- TASK INSTRUCTIONS -
Below are some records; output exactly the lines from the line with "玩法很简单,点击任意瓶子就能" to the line with "Short. Feminino. Linho", both ends kept, and nothing more.

- SUPPLIED RECORDS -
• • • •

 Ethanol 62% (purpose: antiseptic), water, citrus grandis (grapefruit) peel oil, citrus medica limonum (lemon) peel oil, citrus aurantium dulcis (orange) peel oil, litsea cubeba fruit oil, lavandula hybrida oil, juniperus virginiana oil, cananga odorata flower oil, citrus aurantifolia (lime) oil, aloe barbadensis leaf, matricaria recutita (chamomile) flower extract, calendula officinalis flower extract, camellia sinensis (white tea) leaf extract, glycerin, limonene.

• • • •

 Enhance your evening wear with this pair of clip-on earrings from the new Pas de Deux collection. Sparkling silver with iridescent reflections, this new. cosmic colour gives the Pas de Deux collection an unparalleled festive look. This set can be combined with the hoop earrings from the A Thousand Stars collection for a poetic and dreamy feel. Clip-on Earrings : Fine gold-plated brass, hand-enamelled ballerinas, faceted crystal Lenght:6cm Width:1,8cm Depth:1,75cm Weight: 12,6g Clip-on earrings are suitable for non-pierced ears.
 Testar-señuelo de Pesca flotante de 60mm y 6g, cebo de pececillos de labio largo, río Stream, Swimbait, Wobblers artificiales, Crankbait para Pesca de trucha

• • • •

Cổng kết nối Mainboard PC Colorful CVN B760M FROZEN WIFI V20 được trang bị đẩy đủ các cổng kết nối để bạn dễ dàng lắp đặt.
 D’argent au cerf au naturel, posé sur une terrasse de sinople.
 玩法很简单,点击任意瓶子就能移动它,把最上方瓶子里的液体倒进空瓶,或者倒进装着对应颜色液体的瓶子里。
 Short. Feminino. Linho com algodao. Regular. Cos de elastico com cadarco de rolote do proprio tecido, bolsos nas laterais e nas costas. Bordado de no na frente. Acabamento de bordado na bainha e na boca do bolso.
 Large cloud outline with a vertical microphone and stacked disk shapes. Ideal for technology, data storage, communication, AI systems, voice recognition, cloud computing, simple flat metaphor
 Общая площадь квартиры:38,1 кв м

• • • •

- RESPONSE -
 玩法很简单,点击任意瓶子就能移动它,把最上方瓶子里的液体倒进空瓶,或者倒进装着对应颜色液体的瓶子里。
 Short. Feminino. Linho com algodao. Regular. Cos de elastico com cadarco de rolote do proprio tecido, bolsos nas laterais e nas costas. Bordado de no na frente. Acabamento de bordado na bainha e na boca do bolso.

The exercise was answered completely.